Problem details> From the line that contains "多環芳香族分子が結晶化したも" to the end of the entries, copy each line exactly, though the pictures stay out.

Stored records
········

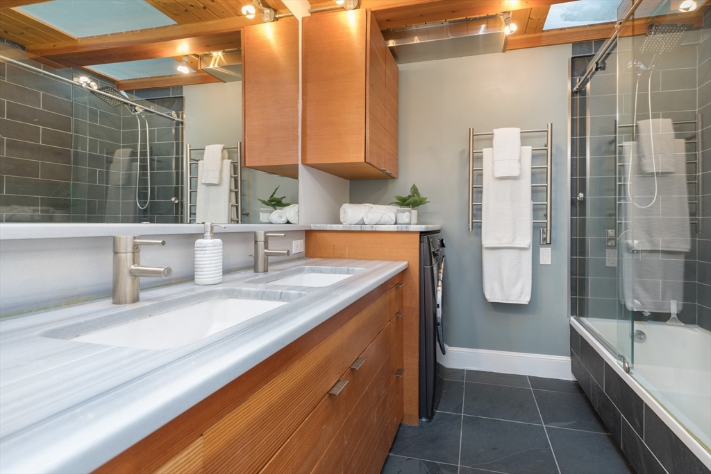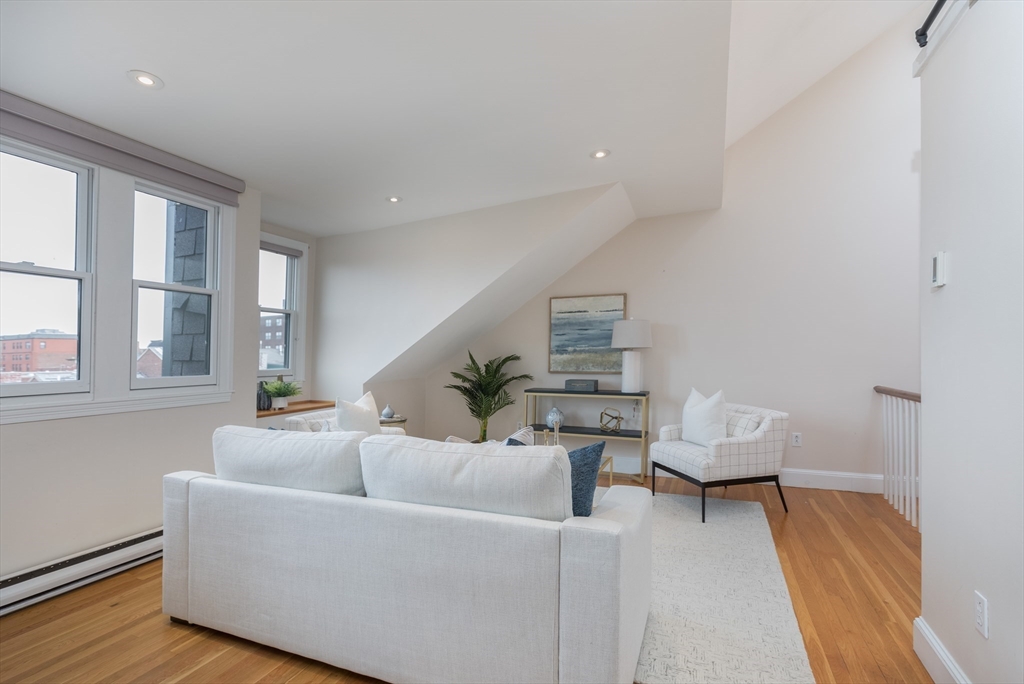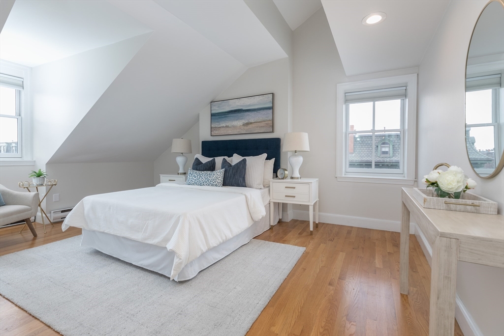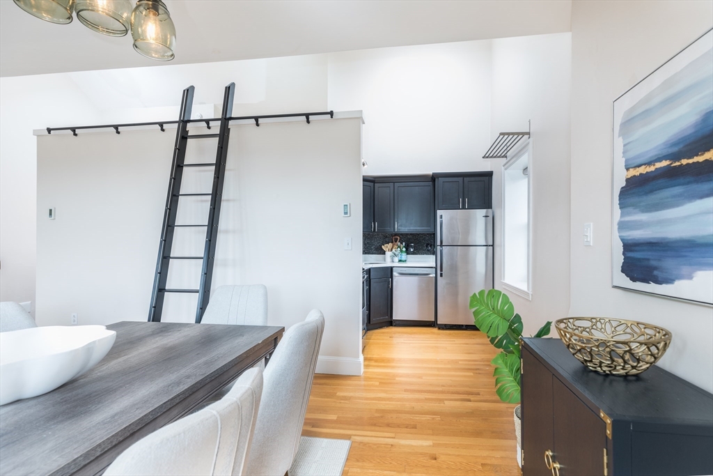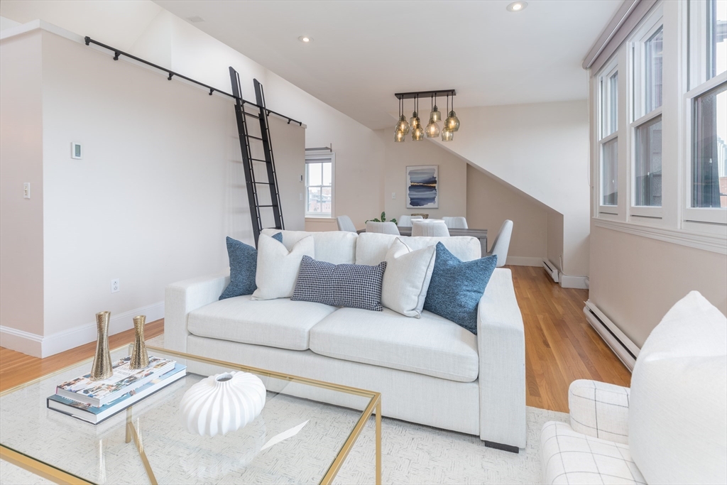 Welcome to this inviting & thoughtfully laid out 2 bedroom Penthouse corner home with delightful natural light, offering breathtaking views of downtown and Back Bay. As you step inside, you will be greeted by an open living/dining floor plan space featuring cathedral ceilings, expansive windows & multiple exposures, creating a bright & airy ambiance. The updated kitchen is designed for efficiency and ease. The 2 well-proportioned bedrooms are South facing & provide ample closet space/storage. The contemporary bathroom offers a double vanity, heated towel rack, modern walk-in shower, heated floors & washer/dryer combo unit. Highlights also include: versatile loft space, gleaming hardwood floors, high ceilings, & roof rights/balcony for potential outdoor enjoyment. Nestled in a prime location, this pet-friendly building is just moments away from the vibrant restaurants, boutiques, and amenities of the South End, as well as convenient public transportation and Northeastern University.
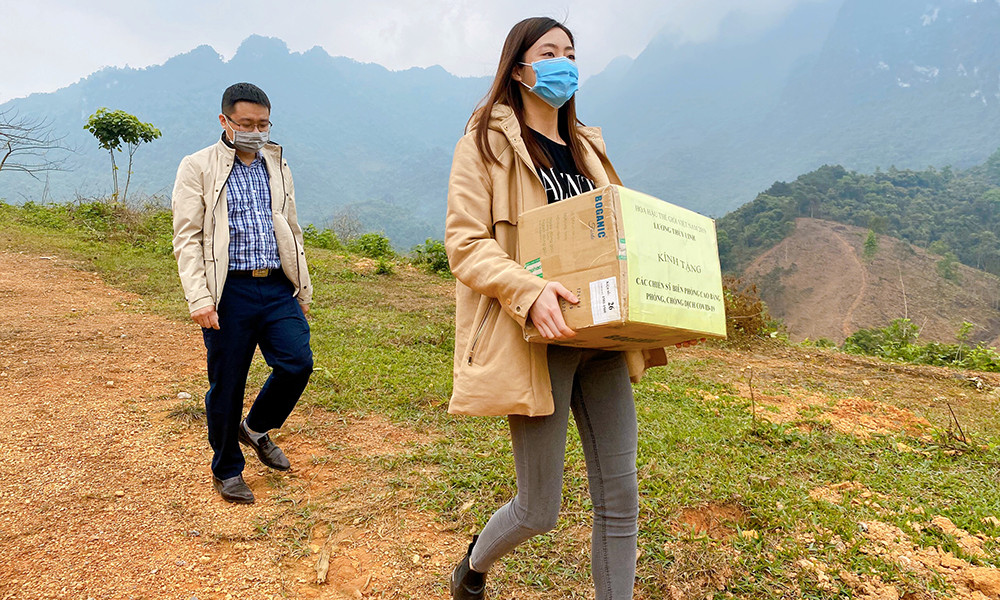 Hoa hậu Lương Thùy Linh cũng đã trao nhiều phần quà gồm khẩu trang y tế, nước rửa tay kháng khuẩn và một số nhu yếu phẩm cần thiết cho Đồn biên phòng cửa khẩu Sóc Giang, đồn biên phòng Cần Yên và đồn biên phòng Lũng Nặm.
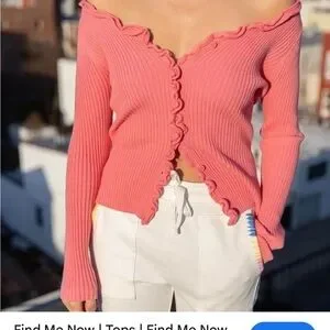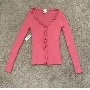 Stylish pink ruffled cardigan. Perfect for layering. Purchased from free people online. Brand is called find me now. Size M/L. Great condition.
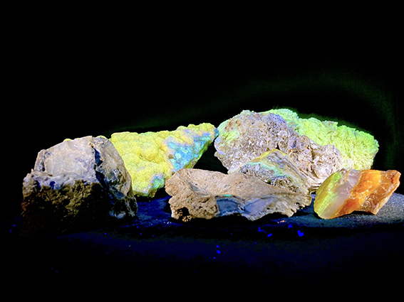 多環芳香族分子が結晶化したものだそうで、紫外線をあてると、綺麗な蛍光を発する(左の写真)。
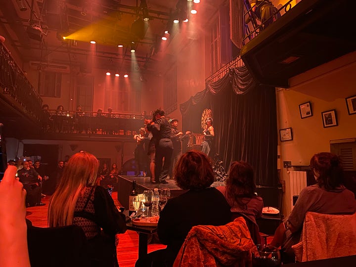 My first late evening was Saturday. Myself, Lauren and some others from our little hostel enjoyed an impassioned tango show. Although Tango to begin with is a bit intimate, this show brought in elements of cabaret, magic and acrobatics to up the drama. Although not the typical Argentine tango, I found its blended boundaries borne of a contemporary iteration on classic tango as romantic art and expression to be very enjoyable.
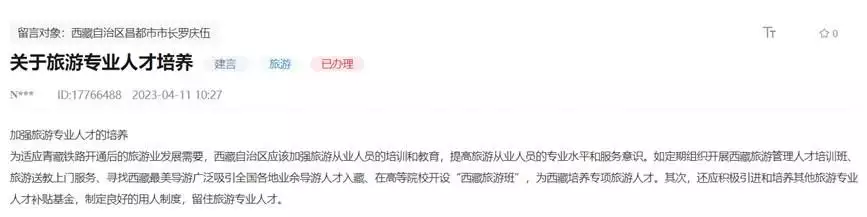 留言表示,应定期组织开展西藏旅游管理人才培训班、旅游送教上门服务、寻找西藏最美导游,广泛吸引全国各地业余导游人才入藏;在高等院校开设“西藏旅游班”,为西藏培养专项旅游人才。此外,还应积极引进和培养其他旅游专业人才补贴基金,制定良好的用人制度,留住旅游专业人才。

········

Answer>
 多環芳香族分子が結晶化したものだそうで、紫外線をあてると、綺麗な蛍光を発する(左の写真)。
 My first late evening was Saturday. Myself, Lauren and some others from our little hostel enjoyed an impassioned tango show. Although Tango to begin with is a bit intimate, this show brought in elements of cabaret, magic and acrobatics to up the drama. Although not the typical Argentine tango, I found its blended boundaries borne of a contemporary iteration on classic tango as romantic art and expression to be very enjoyable.
 留言表示,应定期组织开展西藏旅游管理人才培训班、旅游送教上门服务、寻找西藏最美导游,广泛吸引全国各地业余导游人才入藏;在高等院校开设“西藏旅游班”,为西藏培养专项旅游人才。此外,还应积极引进和培养其他旅游专业人才补贴基金,制定良好的用人制度,留住旅游专业人才。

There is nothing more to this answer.